Table 11 – Decision rules for levels of incidents
Level Organisation Service Ecosystem Context
Definition An incident that relates to the organisation that controls the digital service
An incident that relates to
the digital service An incident that relates to the participants that interact
Table 12 – Event colligation indication decision rules
• When an incident was deemed worthy of a press release, newsletter or some other public broadcast or publication by the hub firm, then there is an indicator of an event.
• When an incident is named as critical by an ecosystem participant, then there is an indicator of an event.
• When an incident is named as a ‘milestone’ by a participant, then there is an indicator of an event.
• Where there is a change in the functionality of the digital service, the capability of the hub firm or the environment in which the ecosystem resides, then there is an indicator of an event.
• When an incident is mentioned more than once from differing data sources, then there is an indicator of an event.
As the goal is to create a series of events which all have the same approximate granularity, additional decision rules are required when there are multiple indicators that occur on a given day. The following rules described in Table 13 below apply in the decision to construct an event from a single incident or multiple incidents.
Table 13 – Event colligation multiple indicator decision rules
• When multiple indicators occur on the same day, if these are the same incident then they are joined together into the same event.
• When multiple indicators occur on the same day which are not exactly the same but are closely related, where logical, these should be joined together into the same event. For instance, if three new technical features are released on the same day, then these can be colligated into the same event. However, if there is a technical feature and a new pricing policy on the same day, then these should be considered separate events.

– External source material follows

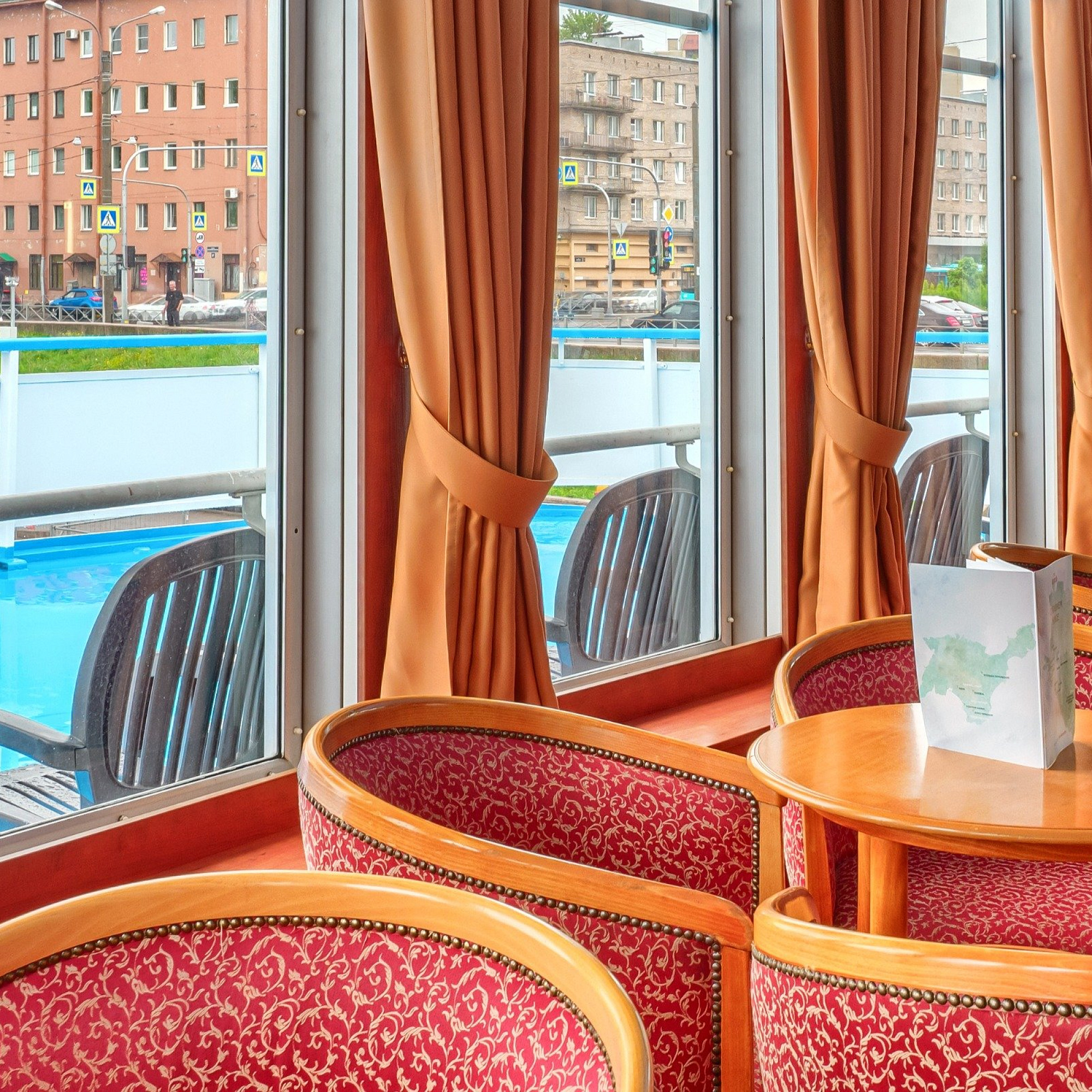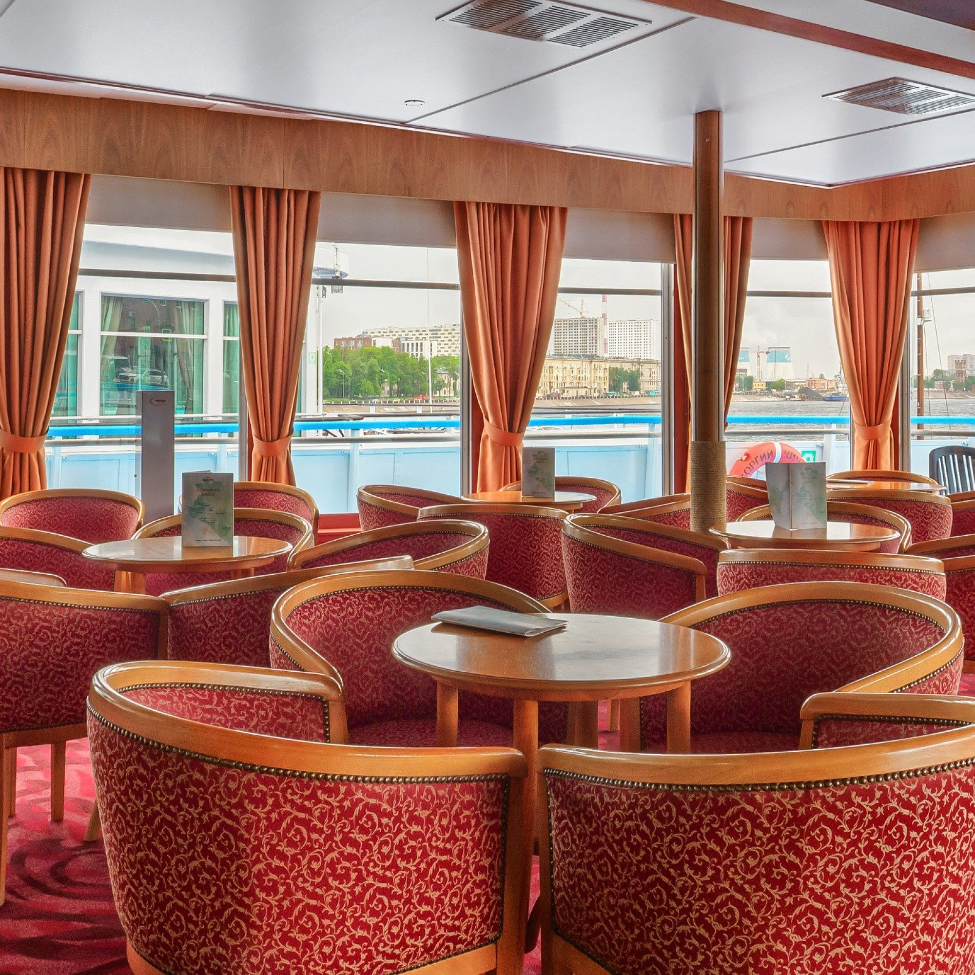 - Ужин — заказная система питания (выбор блюд со 2-го дня круиза). Включённые напитки (без ограничения): вода, чай, кофе, кисломолочный напиток (1 стакан 200 мл на ужин по запросу гостя). На выбор: вино красное / белое / игристое (1 бокал, 125 мл) / водка (1 рюмка, 50 мл) / пиво (1 бокал, 300 мл), домашний морс (1 бокал, 200 мл);

• When there is a series of indicators over differing dates that can be better considered as a single event, then these should also be joined into a single event. Here the decision rule is “do these indicators together cover a single event in relation to ecosystem emergence?” In general these incidents should not run over a long time period, say 4 months, but should be clustered around a number of closely spaced days. The date assigned should correspond to the emphasis of the event.
For instance, a series of articles in the press over a couple of days can be reduced to a single press event. Here the date of the event would the publication of the first article. Similarly a series of meetings and activities which result in a failed or successful funding or acquisition can be considered the one event, however here the date should be that which concludes the incident as all other lead to that date.
The third part of colligation concerns the analysis of the formal qualities of each event (Abbott, 1984). The first formal quality is duration, which has been discussed earlier, and is obviously an issue when there are events occurring at differing levels. The second formal quality is dispersion, where an event propagates from one level of analysis to another, and need to be carefully noted. However this is done, Abbott (1984) points out that the final colligation should be coherent in both its limitation to the level of analysis and by extension to the participants in the event, and the pattern of links between events must be closed, although external antecedent events may be allowed. Here event duration was noted on each event.
Table 14 below details the number of events colligated for each case.
Table 14 – Event and incident counts
Amazon eBay Facebook Google Salesforce Wikipedia
Incidents 1246 796 888 918 941 1005
Events 674 483 520 568 721 710
As can be observed, the dispersion between the numbers of events for each case has decreased as compared to the dispersion for incidents. Again, it is important to emphasise that the list of events is only a sample of the events that can be identified.